Undefined

[mdh]

May I ask a question related to one I just posted. I am doing external
variables in K&R. As an example, the construction of an RPN calculator
is considered. One of the executions involves finding the difference
between 2 "popped" values from a stack. It is noted that the following
code is incorrect, as the order "in which the two calls of pop are
evaluated is not defined"

namely:

push(pop()-pop());

Could anyone elaborate on this for me? What exactly is meant by this,
and why? Surely if I pop a value from an array, say at position 'x' and
then pop the next value at '(x-1)' and then perform an execution of
x-(x-1), why would this not perform as expected? Or is there something
a lot more subtle that I am missing.

Thank you all as always.

 

[pete]

May I ask a question related to one I just posted. I am doing external
variables in K&R. As an example, the construction of an RPN calculator
is considered. One of the executions involves finding the difference
between 2 "popped" values from a stack. It is noted that the following
code is incorrect, as the order "in which the two calls of pop are
evaluated is not defined"

namely:

push(pop()-pop());

Could anyone elaborate on this for me? What exactly is meant by this,
and why? Surely if I pop a value from an array,
say at position 'x' and
then pop the next value at '(x-1)' and then perform an execution of
x-(x-1), why would this not perform as expected?
Or is there something
a lot more subtle that I am missing.

For (A - B), it's possible that B can be evaluated first.
You could have either
x-(x-1)
or
(x-1)-x

 

[Roberto Waltman]

May I ask a question related to one I just posted. I am doing external
variables in K&R. As an example, the construction of an RPN calculator
is considered. One of the executions involves finding the difference
between 2 "popped" values from a stack. It is noted that the following
code is incorrect, as the order "in which the two calls of pop are
evaluated is not defined"

namely:

push(pop()-pop());

Could anyone elaborate on this for me? What exactly is meant by this,
and why? Surely if I pop a value from an array, say at position 'x' and
then pop the next value at '(x-1)' and then perform an execution of
x-(x-1), why would this not perform as expected? Or is there something
a lot more subtle that I am missing.

You are assuming that the call to pop() at the left of the '-' sign
will be performed before calling the pop() at the right side.
The C language does not guarantee that ordering.

 

[mdh]

You are assuming that the call to pop() at the left of the '-' sign

will be performed before calling the pop() at the right side.
The C language does not guarantee that ordering.

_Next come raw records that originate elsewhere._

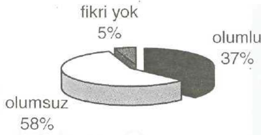
Grafik.3. İşletmelerin Banka Kredisine Bakışları

Kredi kullanmayan işletmelere finansman ihtiyaçlarını nasıl karşıladıkları sorulmuş ve bu işletmelerin %60'ı finansman sıkıntısı çektikleri zaman yurt dışında çalışan kişilerden borç para aldıklarını belirtmiştir. %40'ı ise yurt dışından borç para almadığını belirtmiştir. Ayrıca, yurt dışında çalışan kişilerden ödünç para almayan ve kredi kullanmayan işletmelerin %53'ü ise finansman sıkıntısı çektikleri zaman arkadaşlarından borç para aldıklarını belirtmişlerdir. Kredi kullanmayan işletmelere; finansman sıkıntısı çektiğiniz zaman bankadan borç para almayı mı? yoksa yurt dışında çalışanlardan borç para almayı mı? tercih ederiniz diye sorulmuştur. İşletmelerin %33'ü banka, %40'ı ise yurt dışından borç para almayı, %29'u ise diğer cevabını vermiştir.
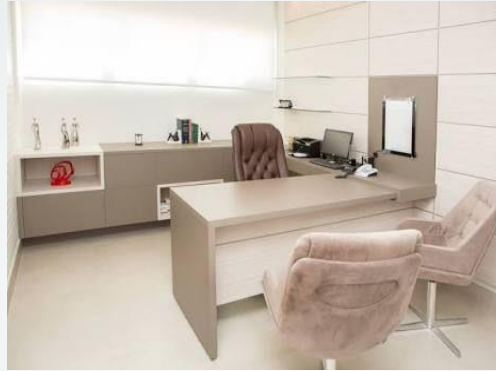
ÁREA DE INTERROGATORIO
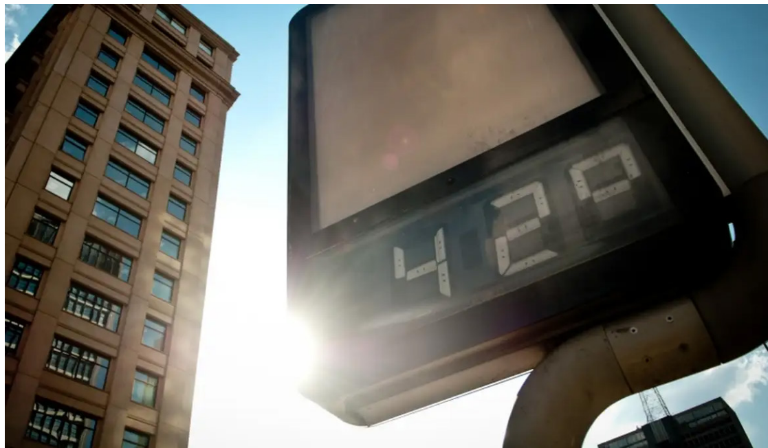
Valor significa aumento de 0,70°C em relação à média de 1991-2020 para janeiro e de 0,12°C sobre o anterior janeiro mais quente, em 2020

“As temperaturas europeias variaram em janeiro de 2024, desde muito abaixo da média de 1991-2020 nos países nórdicos até muito acima da média no sul do continente. Fora da Europa, as temperaturas esti-
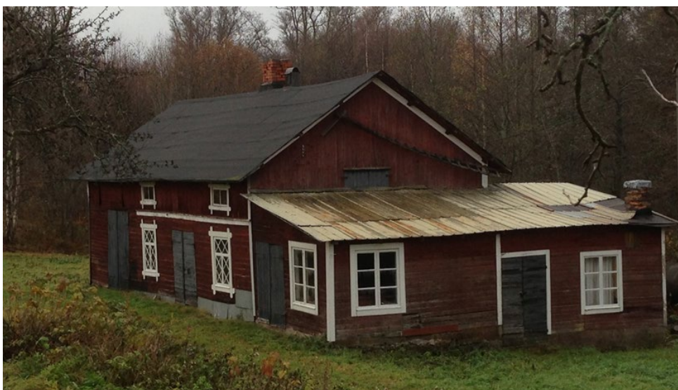
Figur 3. Smedjan sedd från norr omkring 2013. Notera att både smedjan och tillbyggnaden hade kvar skorstenarna vid tiden.

Taktäckningen på både smedjan och den lägre tillbyggnaden var i uttjänt skick. Några av takbjälkarna var rötskadade, liksom en del av takpanelen. Vindskivor var uttjänta eller saknades helt. Under projektets gång uppdagades rötskador i fler takbjälkar och även i vindsgolvet och två timmerstockar i smedjans vägg mot väster. I anslutning till det murkna timret var även fasadpanelen rötskadad. I tillbyggnaden som rymt tvättstuga och skostall var de flesta av takbjälkarna rötskadade liksom råsponen. I tillbyggnaden upptäcktes senare även två rötskadade väggreglar i anslutning till en raserad betongsula.
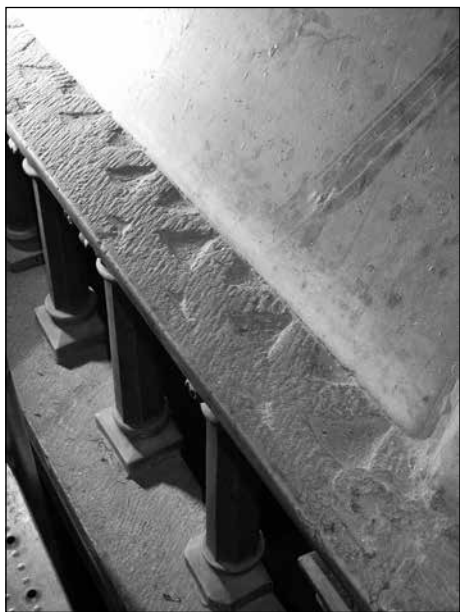
Sl. 12. Arhitrav predromaničke oltarne pregrade ugrađen u romanički ciborij trogirске katedrale

razinu književne i teološke kulture. Prilikom okupljanja vojske u Saloni za pohod protiv uzurpatora, na prijestolju Zapadnog Rimskog Carstva, Augustu Gallu Placidiju i njezina sina, budućeg cara Valentinijana III, svečano je dočekaо salonitanski biskup. 19
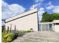
St. Paulus Beuren
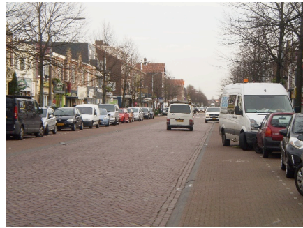
Auto's op fietspad Kennemerlaan IJmuiden
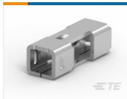
TE 产品编号2834171-3 ULTRAMINIATURE SLIM CONTACT
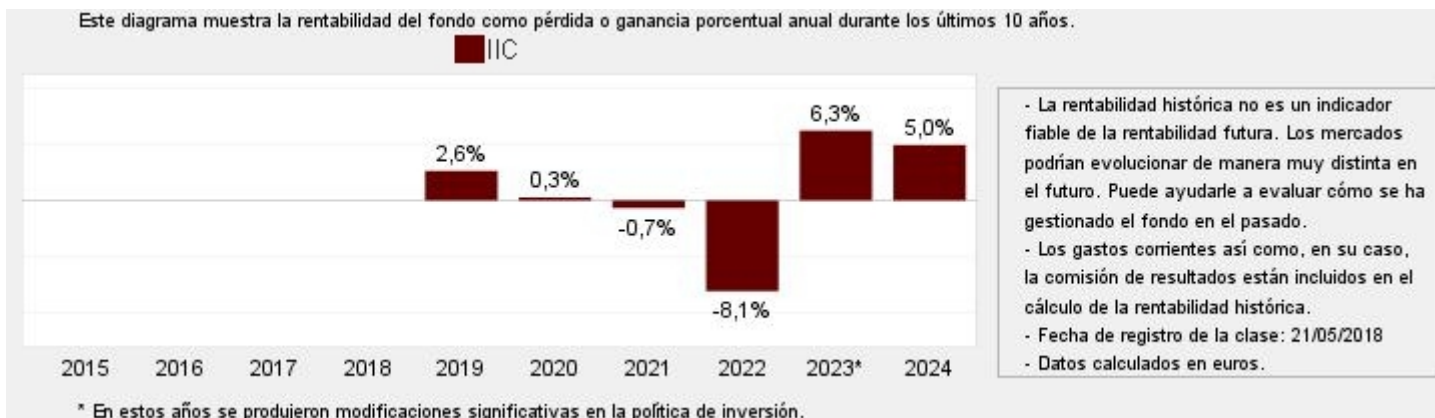
Gráfico rentabilidad histórica

Datos actualizados según el último informe anual disponible.
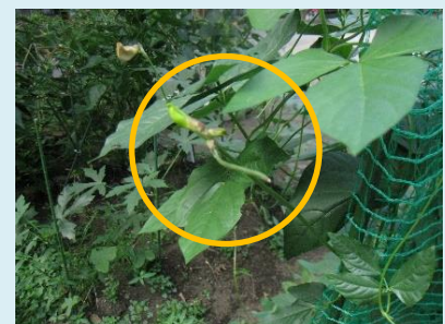
畑のササゲは網を伝わって伸びて花を咲かせ小さなササゲが実りました
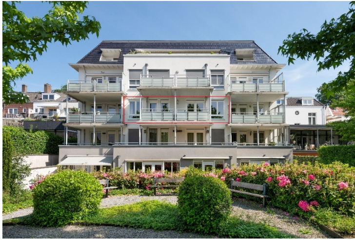
Utrechtseweg 198 H te Oosterbeek
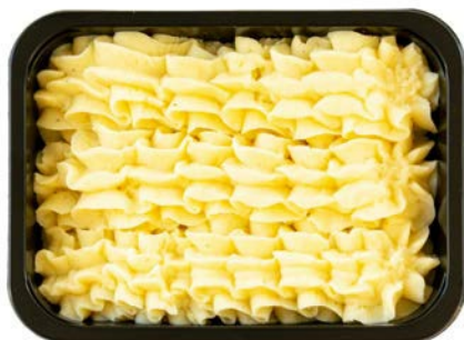
Aardappelpuree Purée de pommes de terre
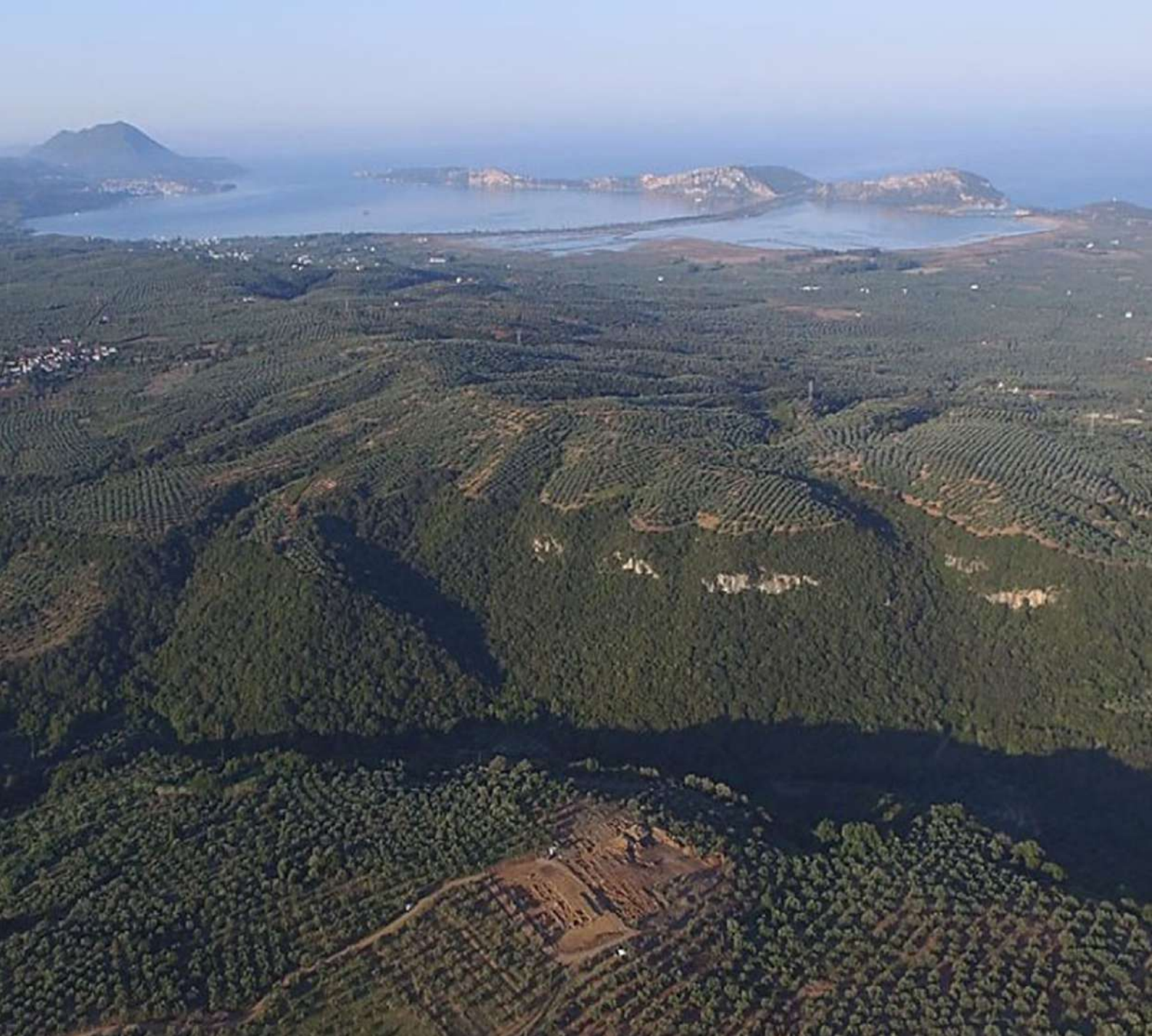
1. Ίκλαινα. Αεροφωτογραφία της ανασκαφής από τα βορειοανατολικά. Στο βάθος φαίνεται ο κόλπος του Ναβαρίνου.

Π αρόλο που η διοικητική οργάνωση των μυκηναϊκών κρατών είναι σε γενικές γραμμές γνωστή, οι διεργασίες που οδήγησαν στη γένεσή τους παραμένουν άγνωστες. Η επικρατούσα θεωρία είναι ότι τα μυκηναϊκά κράτη δημιουργήθηκαν στις αρχές της Ύστερης Εποχής του Χαλκού, όταν ισχυροί τοπικοί ηγεμόνες επέκτειναν τις επικράτειές τους απορροφώντας τα εδάφη γειτονικών ηγεμονιών. Η διαδικασία αυτή οδήγησε στη δημιουργία σύνθετων πολιτικών και κοινωνικών δομών, που με τη σειρά τους επέτρεψαν τη γένεση των πρώτων κρατών. 1
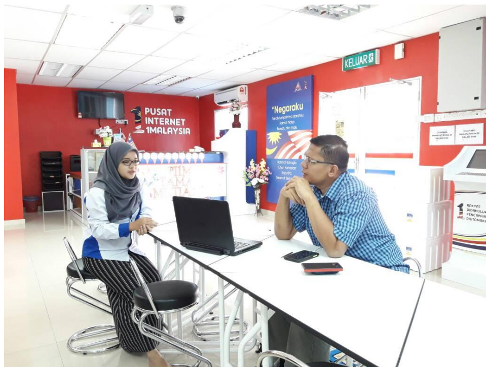
Sesi menimba ilmu
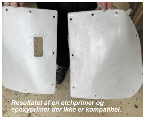
Resultatet af en etchprimer og epoxyprimer der ikke er kompatibel.
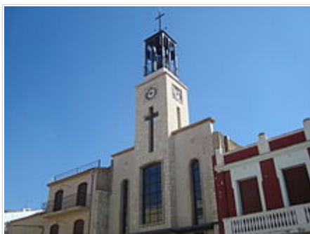
Campanar de l'Església Nova de Xert
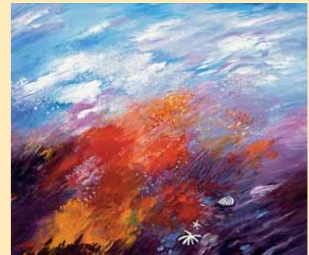
Mareggiata sugli scogli
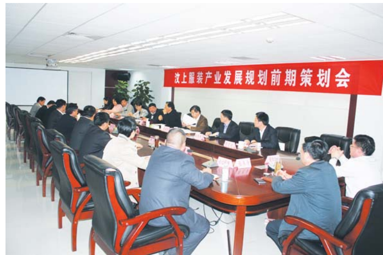
△行业内专家齐聚汶上共商汶上服装产业发展“十三五”规划
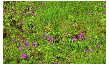
ハクサンコザクラ
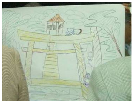
平和の門である鳥居の上にはやっぱりポーポキ ↑
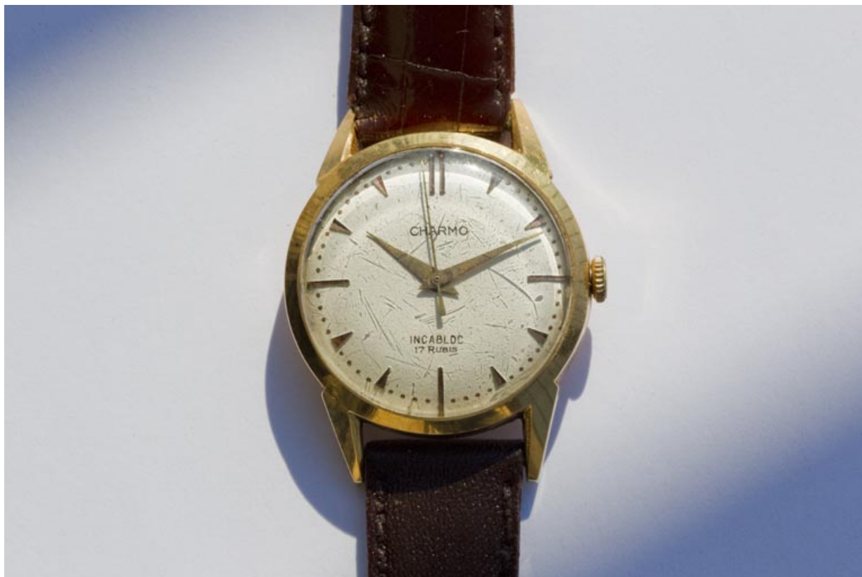
Montre de marque Charmo fabriquée dans l'atelier (éclairage rasant). 25, Charmauvillers, 11 Grande Rue
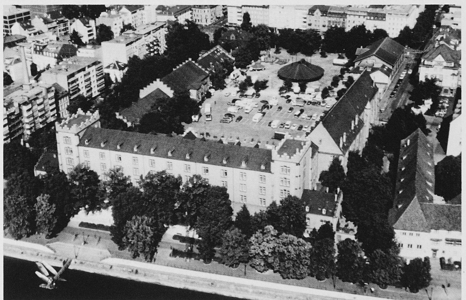
Für ihren Einsatz zugunsten der alten Kaserne Basel erhält die Interessengemeinschaft Kasernenareal ika den diesjährigen Heimatschutzpreis zugesprochen. Die neugotische Kaserne wurde 1863 errichtet und 1966 vom Militär wieder verlassen

Im Jahr 1966 wurde das Kasernenareal vom Militär definitiv verlassen und der Einwohnergemeinde Basel übertragen. Es hat also 27 Jahre gedauert, bis es – dank einer Volksabstimmung – endlich von parkierten Autos befreit und offiziell für kulturelle Institutionen «zwischen genutzt» werden konnte. Das Gerangel um dieses zentralgelegene Kasernenareal dürfte weiterdauern – mit einer ika.
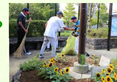
ひまわりを植えた花壇の周りの清掃
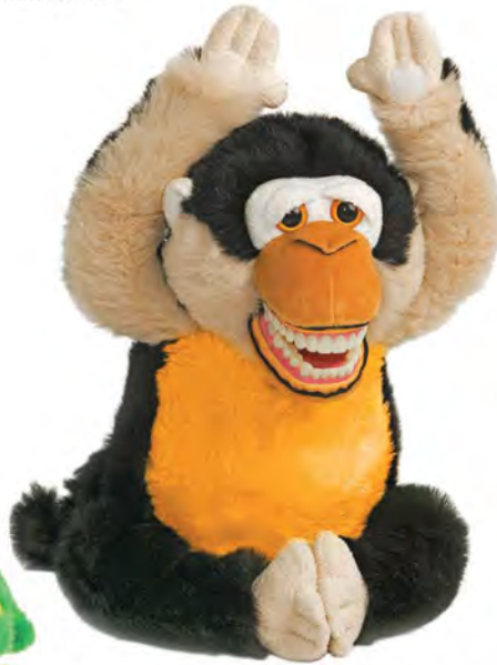
Mojo Monkey SS-PC1000 Aligator
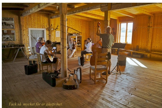
Tack så mycket för er gästfrihet.
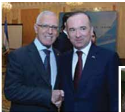
С другом Чрезвычайным и Полномочным Послом Республики Узбекистан в Украине Алишером Абдуалиевым (ныне первый заместитель министра инвестиции и внешней торговли Республики Узбекистан)
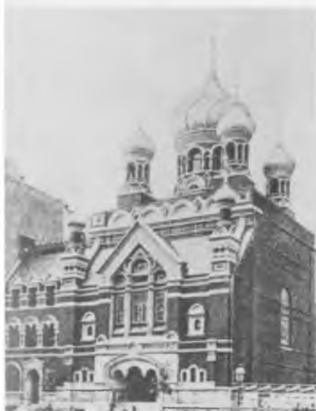
Николаевский кафедральный собор в Нью-Йорке, построенный при епископе Тихоне в 1903 г. В настоящее время — подворье Московской Патриархии
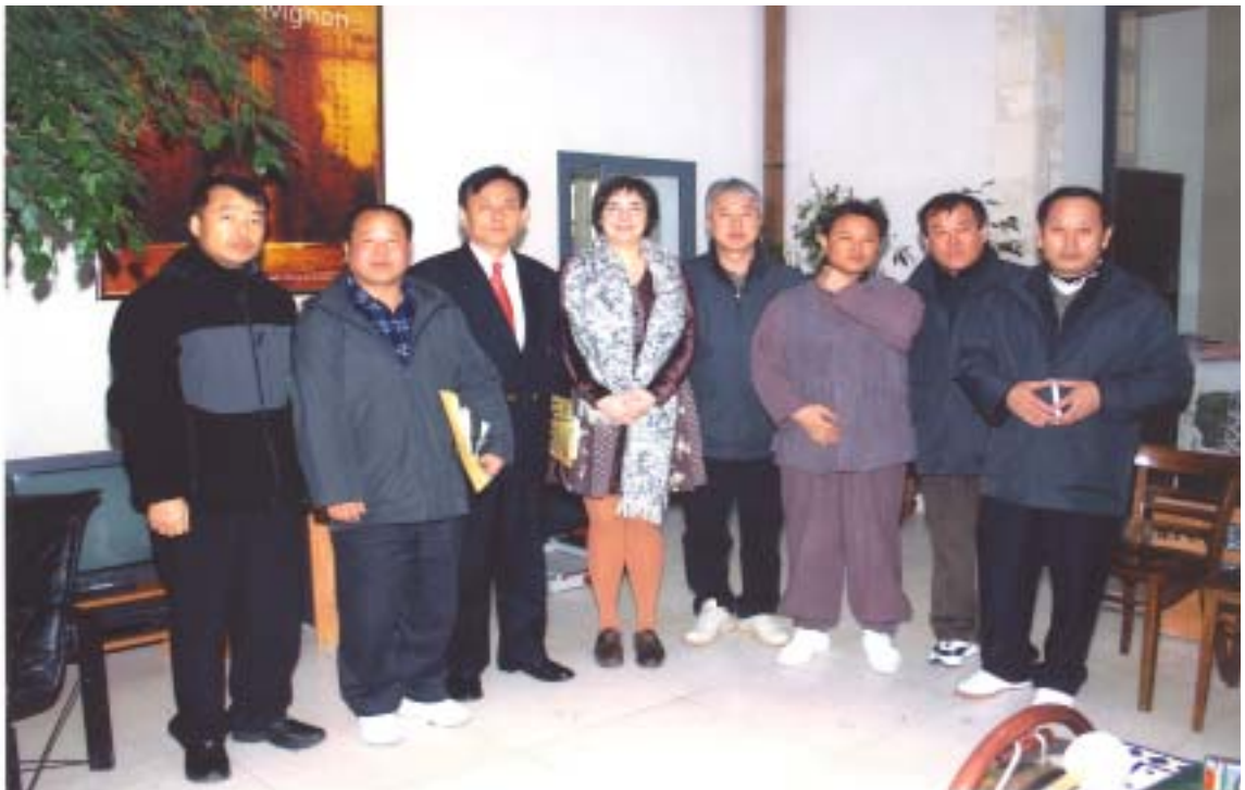
【 아비농 페스티벌 조직위원회 방문기념 촬영장면 】
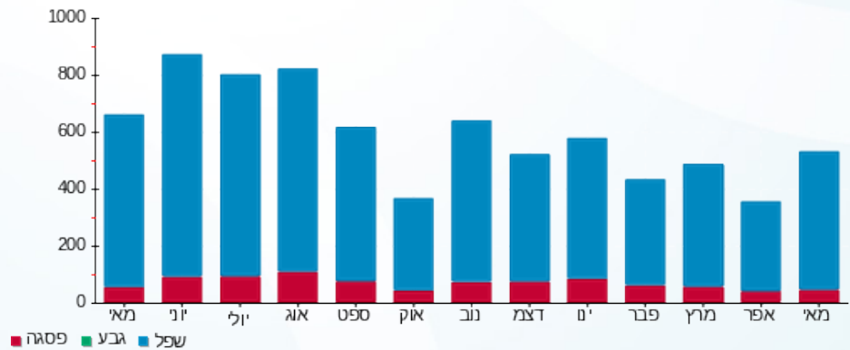
הסטוריית צריכה בקוט"ש

פסגה (15.01 ₪) גבע (0.00 ₪) שפל (171.61 ₪)
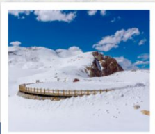
ต่ากู่ปิงชว่น
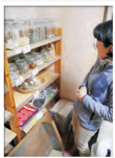
△商品は量り売りにして、 プラスチックゴミを減らす努力も。

「僕らがしている農業は、いわゆる『生産者』とは少し違いかも知れませんが、『子どもたちの未来のために』が活動のテーマ。農業を母体として地域を盛り上げたり、雇用を生んだり、幅広くできることをどんどんやっていきたいです」
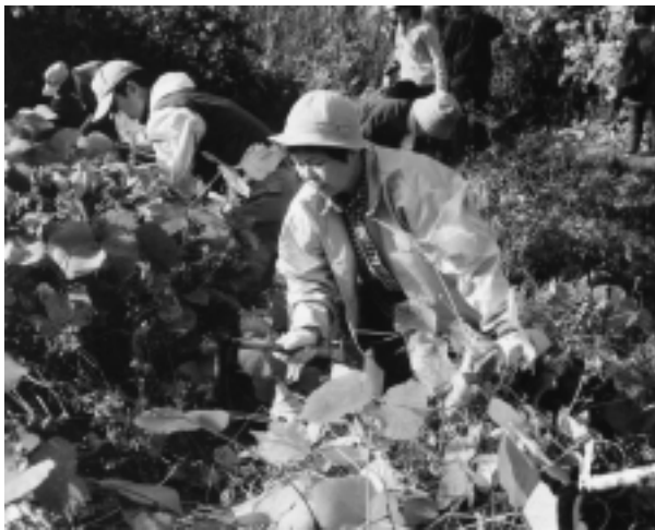
みんなで下草刈り（平成 13 年 11 月）

「高津区市民健康の森」の用地を選定した「構想検討委員会」を引き継ぎ、市民健康の森を文字通り「市民」のものとするための「高津区市民健康の森推進委員会」の活動が始まっています。「どんな森にしようか?」「どんな木を植えていこうか?」など新しく委員になられた方々と共に、基本コンセプトにもあるとおり「ゆっくり、みんなで、たのしみながら」進めています。
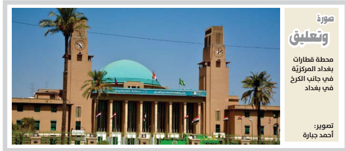
صورة وتعليق محطة قطارات بغداد المركزية في جانب الكرخ في بغداد
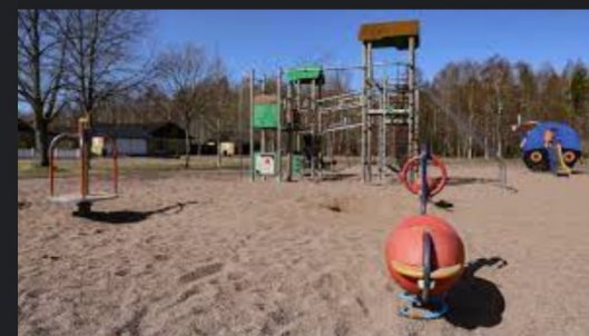
Söderängsparkens lekplats karlstad.se
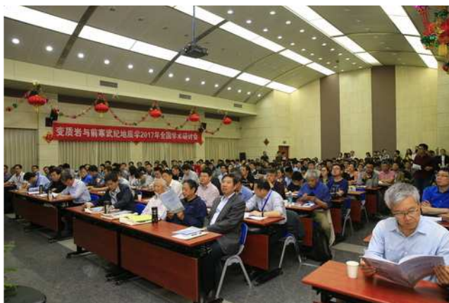
北京室内研讨会现场照片

Maybe this is not the type of useless question one normally asks, but
why not? There must be some subtle?? interesting reason why it is not
guaranteed? Would it not make life a lot easier if it were.? Just
curious....

 

[Tom St Denis]

Maybe this is not the type of useless question one normally asks, but
why not? There must be some subtle?? interesting reason why it is not
guaranteed? Would it not make life a lot easier if it were.? Just
curious....

It isn't part of the grammar that's why.

a + b

doesn't mean "load a, load b, add" it means "we are adding two symbols
together, a, b".

Tom

 

[mdh]

It isn't part of the grammar that's why.

a + b

doesn't mean "load a, load b, add" it means "we are adding two symbols
together, a, b".

OK...thanks...when one is starting off, there are things like this that
beg for an explanation. I imagine after a while, those become
non-issues as one just "does it".

 

[Eric Sosman]

mdh wrote On 06/16/06 14:01,:

Maybe this is not the type of useless question one normally asks, but
why not? There must be some subtle?? interesting reason why it is not
guaranteed? Would it not make life a lot easier if it were.? Just
curious....

Sometimes the compiler can generate faster or smaller
code if it has the freedom to rearrange an expression.
Let's take a case like

x = a * b + (c + d) / (e + f);

Somewhere before forming the final sum and storing it in x,
the computer will need to calculate various intermediate
results: a product, two sums, and a quotient. Right? Okay,
how many of those intermediate results must the computer
keep track of simultaneously?

If we evaluate left-to-right, we get

a * b (one intermediate)
c + d (another intermediate)
e + f (a third intermediate)
quotient (back down to two)
sum (just one remains)
store to x (done)

.... so the compiler needs to find places to hold three
partial results. But if it rearranges things, it can do

c + d (one intermediate)
e + f (another intermediate)
quotient (back down to one)
a * b (back up to two)
sum (back down to one)
store x (done)

.... using only two slots for intermediate results. This
allows the compiler to use the "saved" slot for some other
purpose, like holding the value of the variable y that you
just calculated a moment ago and are about to use in the
next line.

Rearrangements might be done for other reasons than
just to minimize the number of temporary results that must
be kept track of, too, but that's a topic for another day.
(And probably for another newsgroup.)

 

[mdh]

Rearrangements might be done for other reasons than
just to minimize the number of temporary results........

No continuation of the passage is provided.